Founders walk away with toolkits and terminology, but no traction


And yet we wonder why the most promising startups don’t stick around. Over the past year, a quiet but serious trend has emerged: our best startups are moving out. They’re relocating headquarters to other ecosystems, where there’s not just access to funding, but clarity, vision, and continuity. They’re not announcing it. They’re not protesting. They’re just quietly choosing to build elsewhere.


Some will say: “But we’re building AI startups!”


To which I’d gently say: Not really. Not yet.


Most of what we call “AI startups” today are wrappers around pre-trained models built by OpenAI, Google, or Meta. There’s nothing wrong with this, but it doesn’t make us leaders in the field. And unless we invest in fundamental infrastructure, we won’t even be serious players.


According to McKinsey’s 2024 AI Infrastructure Outlook, 90% of next-gen AI applications will be limited by compute and power availability, not just algorithms. If that’s true, then Egypt has a massive opportunity.


We have:


Hydropower from Aswan

Nuclear energy underway

Abundant sunlight across the Western Desert

Strong natural gas reserves

Enough sodium resources critical for advanced battery development


Why not build our national AI strategy around energy? Let Egypt become the infrastructure for the AI age, the region’s power hub for data centers, server farms, and R&D centers. Let’s invite OpenAI, DeepMind, and others not just to use our tech talent, but to power their tech futures from here.
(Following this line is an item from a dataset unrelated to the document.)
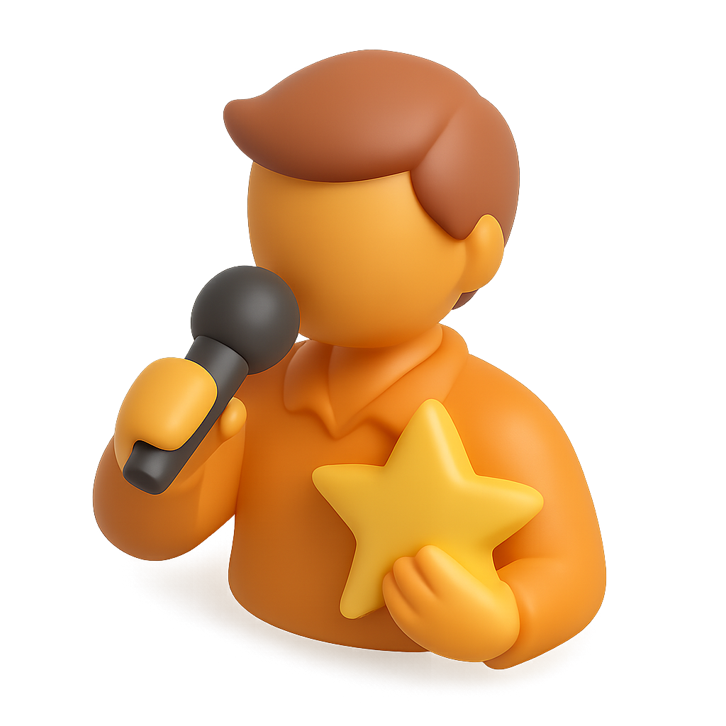 /Collection: /by davooda/Type: PNG/A vibrant 3D icon featuring a figure holding a microphone and a star, presented in a three-quarter isometric view with a smooth, volumetric design on a transparent background.

And AI isn’t the only story worth telling. Egypt has long-standing strategic advantages in: Agriculture – with leading institutions like ARC and regional dominance in aquaculture Livestock breeding, built on generations of embedded knowledge, and MENA’s increasing food security needs. Water infrastructure – with Nile-fed systems, desalination experience, and a rising demand for smart irrigation and filtration We are not new to these sectors. What we’ve lacked is focus and funding. With structured national strategies, targeted R&D commercialization, and smart policy, we can lead in areas the world needs. Meanwhile, young talents across Egypt are already experimenting with robotics, automation, and clean energy prototypes, in universities, in garages, in communities. What they need is not just funding. They need belief. Direction. Long-term support. As the global energy market pivots toward electrification and battery storage, Egypt’s solar potential, and smart grid expansion could position it as a regional clean-tech pioneer. The same applies for robotics, especially in agriculture, logistics, and desert infrastructure, where labor efficiency is key.
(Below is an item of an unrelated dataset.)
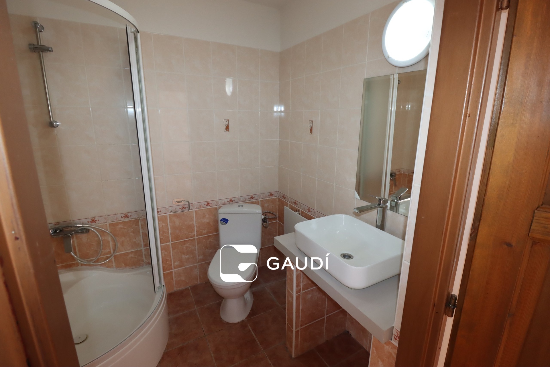 V koupelně se sprchovým koutem, umyvadlem se zrcadlem a WC se nachází místo pro pračku.

Many of our current startups are still built on the logic of now:


Fast validation

Attractive decks

Mostly solutions for now problems, that serves short term context.
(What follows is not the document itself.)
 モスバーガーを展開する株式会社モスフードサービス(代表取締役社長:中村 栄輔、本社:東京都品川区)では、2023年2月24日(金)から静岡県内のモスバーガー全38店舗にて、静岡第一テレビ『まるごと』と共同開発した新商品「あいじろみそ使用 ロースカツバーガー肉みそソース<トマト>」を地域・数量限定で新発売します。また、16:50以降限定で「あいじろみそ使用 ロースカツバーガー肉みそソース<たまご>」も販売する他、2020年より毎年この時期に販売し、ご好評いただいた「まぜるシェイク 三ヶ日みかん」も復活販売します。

But the startups we urgently need are startups of the future, designed to solve long-cycle, foundational challenges. These startups will:


Serve national needs first, then scale regionally

Work in energy, water, food, mobility, and infrastructure

Leverage deep tech responsibly

And value resilience over rapid growth


They’ll require more time. More funding. More patience. But they’ll build systems that last, not just startups that pitch well.


What Now?


We need to move beyond imported narratives. We need more than hype cycles. The future will revolve around water, food, energy, and machines that serve people. Egypt is uniquely positioned to lead in all four, if we can align our efforts, believe in our talent, and leave politics out of innovation. We already have the ingredients:


• A vibrant youth population hungry to build


• Research centers ready to fulfill mandates


• Global conditions set to align in our favor


All that’s missing is the alignment. So let’s align. Let’s build the startups of the future, today.


The future is being produced. And we must have a role in producing it. Innovation is the path. And evidence-based entrepreneurship is the process to reach it.